Vitaliy plans to improve the tool by employing a machine learning-based price prediction model, replacing the current rule-based approach to improve accuracy. This model will draw on data from competitively awarded contracts via the e-procurement API, including details like product names, product characteristics, and contract amounts. For products traded in small quantities, additional attribute data will be extracted from technical specification PDFs using an LLM. Historical and current exchange rate data will also serve as an input, to make sure that international price fluctuations are taken into account.

Another planned feature is a detection system for cartels and antimonopoly law violations by using supplier data such as addresses, details about founders and executives, and IP addresses used to access the e-procurement portal. With this data, Vitaly expects to be able to identify collusive networks. In addition, by analysing bid data across suppliers, the tool will detect patterns like cross-participation in tenders, suspicious price reductions, and other unusual pricing trends that may indicate anti-competitive behaviour.

The result: saving taxpayers’ money and a move to competitive tendering processes

The use of Red Flags Management has had a tangible impact on the public procurement process. For example, when a supplier’s bid for a government contract is significantly higher than the statistically derived fair price range, the tool flags this anomaly, prompting a closer investigation. In a specific example Vitaliy shared with us, the tool found that reams of paper that would be sold for between US$5-8 in a competitive market were sold for US$500. Detecting such cases has helped to prevent overpricing and corruption before funds are misallocated.

Vitaliy shared some impressive high-level results: US$22 billion in spending is analyzed annually, saving an estimated US$86 million.

The tool also contributed to government bodies adopting more competitive tendering as part of a broader reform.

Lessons for the community

We can learn several valuable lessons from Datanomix.pro about how to use AI in public procurement.

1. Government data availability is crucial

The success of such a tool largely depends on the availability of high-quality procurement data and the ability to combine this with broader datasets from government departments, such as beneficial ownership & tax reports. Governments that want to use similar tools must focus on improving data completeness, as well as on the capability of combining different data sources, including through unique identifiers.

2. Promote cross-functional collaboration

Developing AI solutions for procurement requires that people talk to each other who usually might not. Vitaliy suggests starting ‘cross-functional project brainstorming groups’ to combine expertise between business and data analysis teams.

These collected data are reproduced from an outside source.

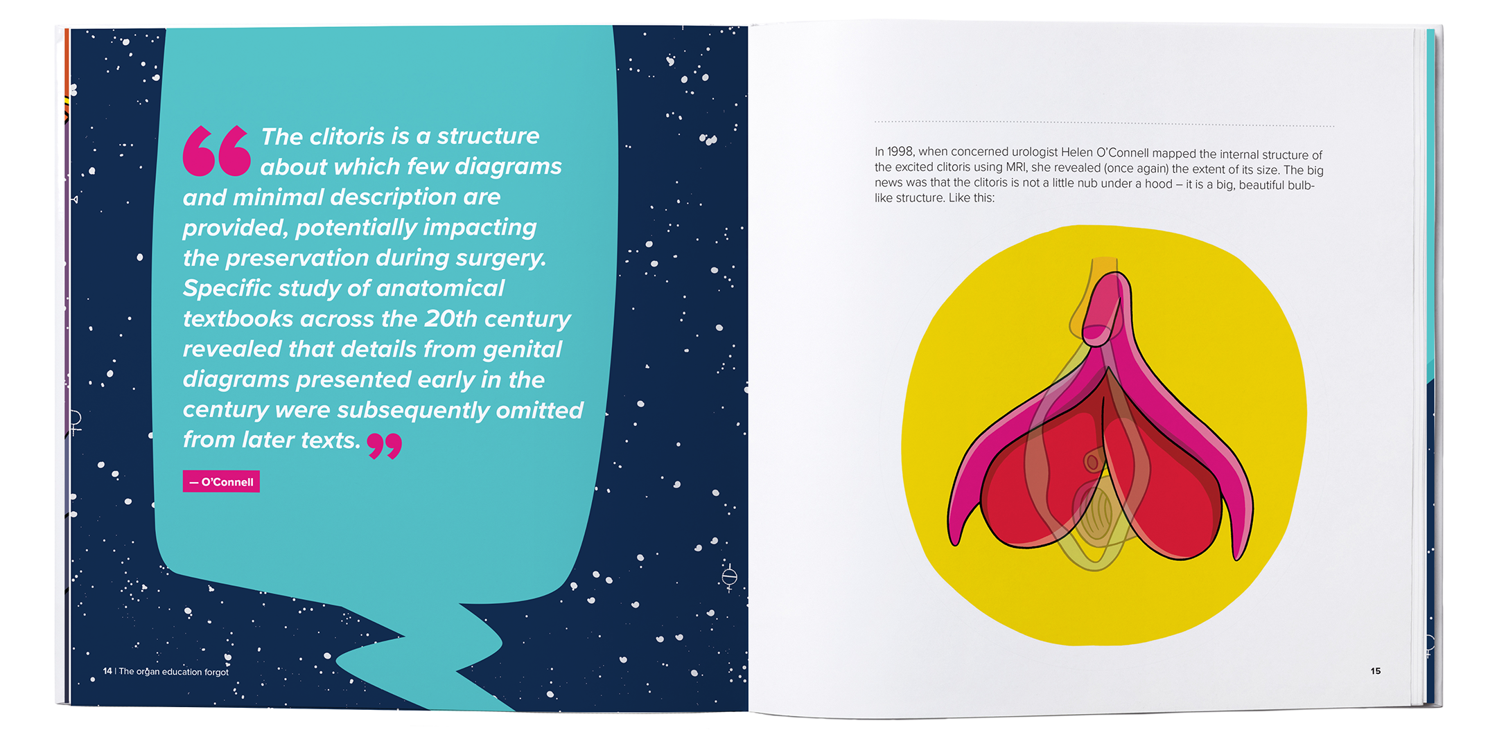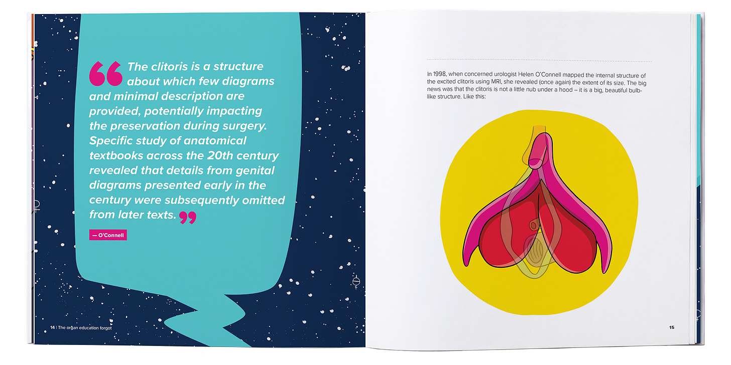 “Most people don’t even know the clitoris is an actual organ, that it is hidden under the surface. That lack of knowledge has really big impacts, from women with clitoral nerve damage because some surgeons aren’t educated to kids that can’t name their own body parts which means not being able to communicate about them”.
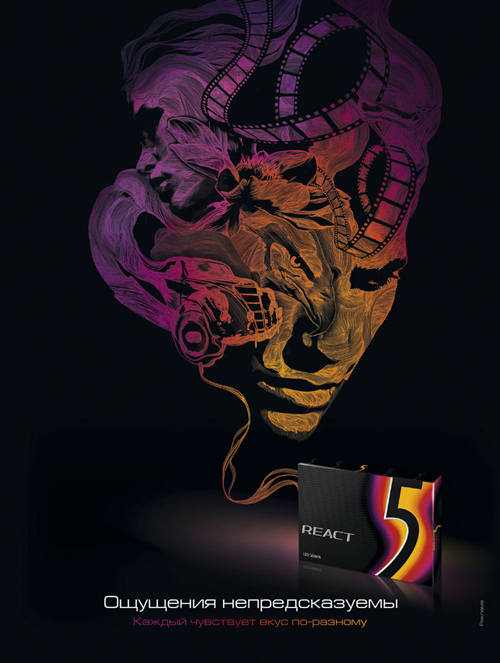 BBDO Moscow завершило демонстрацию наружки для 5FIVEРекламная кампания «Каждый чувствует вкус по-разному» проводилась в наружной рекламе и в макетах для прессы.Рекламная кампания бренда 5IVE REACT проходила в наружной рекламе в течение апреля 2011 года. Кампания обращала внимание потенциального потребителя на то, что для каждого человека вкус этой жевательной резинки ощущается индивидуально и проходила под слоганом «а какой вкус почувствуешь ты?» Для реализации макетов в прессу и для наружной рекламы BBDO выбрало испанского иллюстратора Габриэля Морено. Его задача заключалась в том, чтобы совместить в одном изображении серию из 6-8 картинок, так чтобы сначала все видели основной объект (портрет), а потом смогли разглядеть остальные детали Идея из нескольких объектов собрать целостную композицию пришла арт-директорам BBDO Moscow Роману Косову и Алексею Стародубову. – 5IVE – продукт, интересный своим позиционированием и историей предыдущих коммуникаций, – комментируют проект его авторы. – Бренд-команда изначально была ориентирована на построение образа в тесной связи с современным искусством. Были интересные проекты «Интерактивная галерея FIVE» и «Эксперимент 5IVE». Поэтому наша задача была поддержать это арт-направление. - Позиционирование 5IVE, ориентировнное на интеллектуальную высокодоходную аудиторию, определило каналы: интернет, наружная реклама, пресса и кинотеатры, - говорит Николай Кузнецов, руководитель медийной группы OMD Media Direction, занимавшейся размещением рекламной кампнаии. При этом, во всех каналах мы использовали нестандартные форматы, для того чтобы выделиться на фоне общего клатера и донести премиальное позиционирование бренда» - добавляет он. В наружной рекламе задействованы щиты 6х3 в Москве и 13 городах-миллионниках. Часть поверхностей в столице усложнили экстендерами и специальной подстветкой. В прессе размещение происходит в мужских глянцевых журнала (Maxim, Esquire, Men’s Health, GQ, Top Gear). Состав творческой группы: |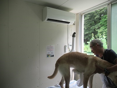 この季節は訓練犬達もボランティアさんもエアコンは必須アイテムです。新しくなって空調能力も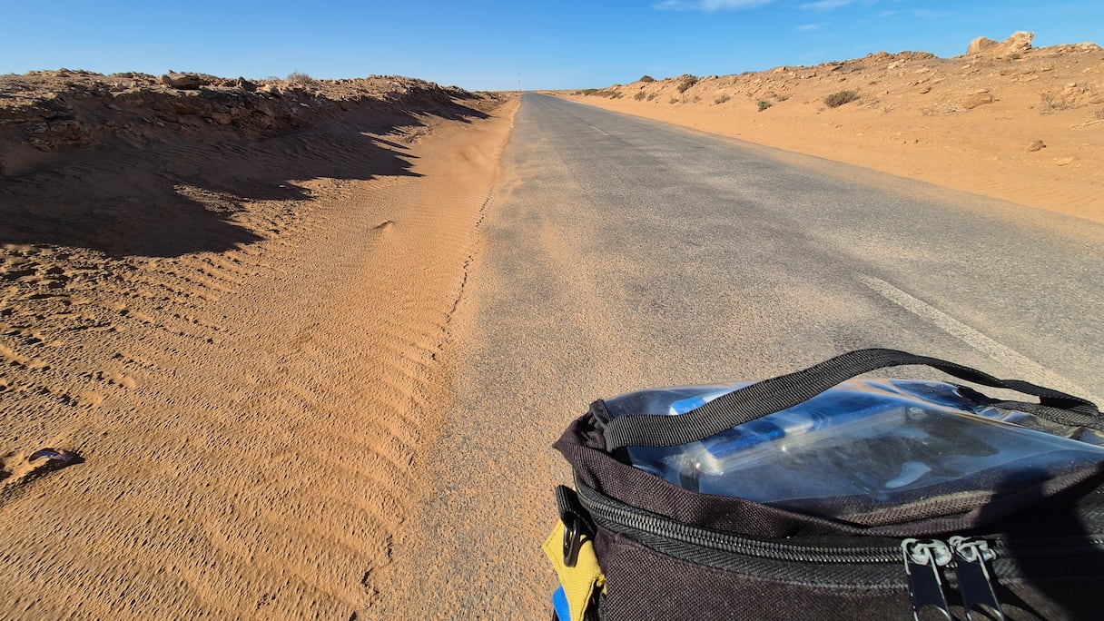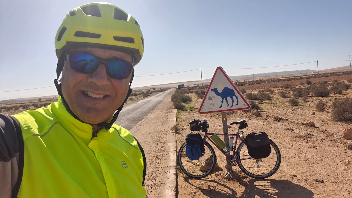 En enero de 2026 decidió llevar esa mirada a un paso más allá. Orihuela se lanzó a uno de sus retos más exigentes: recorrer en solitario cerca de 800 kilómetros entre Agadir y Laayoune en una bicicleta híbrida, con el equipaje mínimo repartido en tres alforjas. Durante diez días atravesó el sur de Marruecos pedaleando en carreteras casi desiertas y pueblos donde el tiempo parece avanzar a otro ritmo, enfrentándose sobre todo a un enemigo constante: el viento del desierto, que en ocasiones superaba los 40 kilómetros por hora.

Bringing together and learning from multiple groups can ensure well-rounded goals and determine the operational steps to successfully implement a solution like the Red Flags Management tool.

3. Be very concrete about the role AI plays in a process. Give it a clear goal and determine how it works together with humans.

If used, AI must have a clear and specific purpose. In Kazakhstan, the Red Flags Management tool is designed to identify risky transactions for further human review rather than replacing human judgment. This collaboration between AI and human oversight ensures that tasks beyond human capability, such as analyzing data and documents of millions of transactions, are automated, while nuanced decisions remain in an official’s hands.